6. Potential Interest Cost Capitalisation
Screener's automated analysis flags that the company might be capitalising interest costs. If true, this could overstate reported profits and understate the true cost of debt. Investors should carefully examine the notes to financial statements.
Pros & Cons Summary
PROS:
- Company is expected to give good quarter — Consistent quarterly performance with strong YoY growth
- Exceptional OPM of 74% — Among the highest in the industry
- Turn to positive free cash flow — ₹350 crore FCF in FY2025
- Strong parentage — Aegis Logistics + Royal Vopak JV
- Rapid profit growth — 1,472% 3-year CAGR, 144% TTM growth
- Deleveraging in progress — Borrowings down ₹278 crore YoY
- Interest costs declining — From ₹193 crore to ₹110 crore (FY2025 to FY2026)
CONS:
- Stock trading at 5.04x book value — Expensive on an asset basis
- Low ROE of 9.47% over last 3 years — Below cost of equity
- Potential interest cost capitalisation — May overstate profits
- Very high P/E of 69.6x — Priced for high growth continuation
- Extremely low free float — Only 2.28% with public
- No dividend yield — 0% dividend yield (though 7% payout in FY2026)
Key Ratios at a Glance
| Metric | Value |
|---|---|
| CMP | ₹195 |
| Market Cap | ₹21,600 Cr |
| 52-Week High/Low | ₹302 / ₹158 |
| Stock P/E | 69.6x |
| Book Value | ₹38.7 |
| Price-to-Book | 5.04x |
| ROE | 10.0% |
| ROCE | 7.33% |
| OPM | 74% |
| Dividend Yield | 0.00% |
| Face Value | ₹10.0 |
| Debt-to-Equity | 0.87x |
| 3-Year Sales CAGR | 38% |
| 3-Year Profit CAGR | 1,472% |
| TTM Sales Growth | 49% |
| TTM Profit Growth | 144% |
| Promoter Holding | 86.94% |
| FII Holding | 5.89% |
| DII Holding | 4.89% |
| Public Holding | 2.28% |
| No. of Shareholders | 48,956 |
Segment Classification
- Sector: Energy
- Industry: Oil, Gas & Consumable Fuels
- Sub-Industry: Oil Storage & Transportation
- Index Membership: BSE 500, Nifty 500, BSE IPO, BSE Energy, BSE 250 SmallCap Index
Conclusion
Aegis Vopak Terminals Ltd represents a unique investment proposition in India's infrastructure landscape.

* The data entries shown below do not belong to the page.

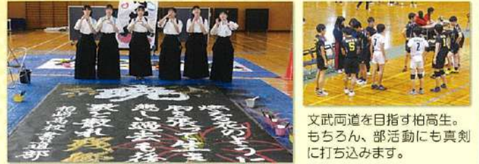
文武両道を目指す柏高生。もちろん、部活動にも真剣に打ち込みます。
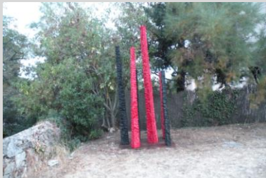
González, David. "Vos-que", 300x140x100 cm. Año 2011. Madera policromada.
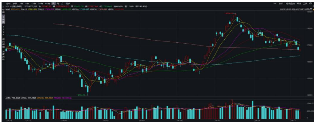
恆生指數日行情 (2023 11 17 - 2024 07 09)

相對於上一個月，2024年5月恆生指數跌2%報17718.61點，恆生金融指數跌2.17%報31431.35點，恆生公用事業指數跌0.89%報34201.35點，恆生地產指數跌8.55%報14801.23點，恆生工商業指數跌1.43%報9733.42點，恆生中國企業指數跌0.95%報6331.86點，恆生科技指數跌3.69%報3554.45點。

The company sits at the intersection of India's energy transition (LPG adoption), chemical industry growth (China+1), and infrastructure development (port-led development). Its 74% operating margins, deleveraging balance sheet, and strong parentage make it a compelling long-term story.
However, the premium valuation (P/E of 69.6x) means that the market has already priced in significant growth expectations. Investors need to assess whether the company can sustain its 49% TTM revenue growth and 144% profit growth rates over the medium term.
For growth investors with a 3-5 year horizon, AVTL offers exposure to a high-margin, asset-backed infrastructure business with secular demand drivers. For value investors, the stock appears expensive, and a correction toward the ₹150-160 range (near the 52-week low of ₹158) would provide a more attractive entry point.
The extremely low free float of 2.28% means that any positive catalyst — quarterly earnings beat, capacity announcement, or index inclusion — could trigger outsized price movements. Conversely, negative surprises could lead to sharp declines given the thin trading volumes.
Bottom line: AVTL is a high-quality infrastructure business in a sweet spot of Indian economic growth. The stock is expensive but justified by growth prospects. Position sizing and entry point will be critical for generating alpha from this name.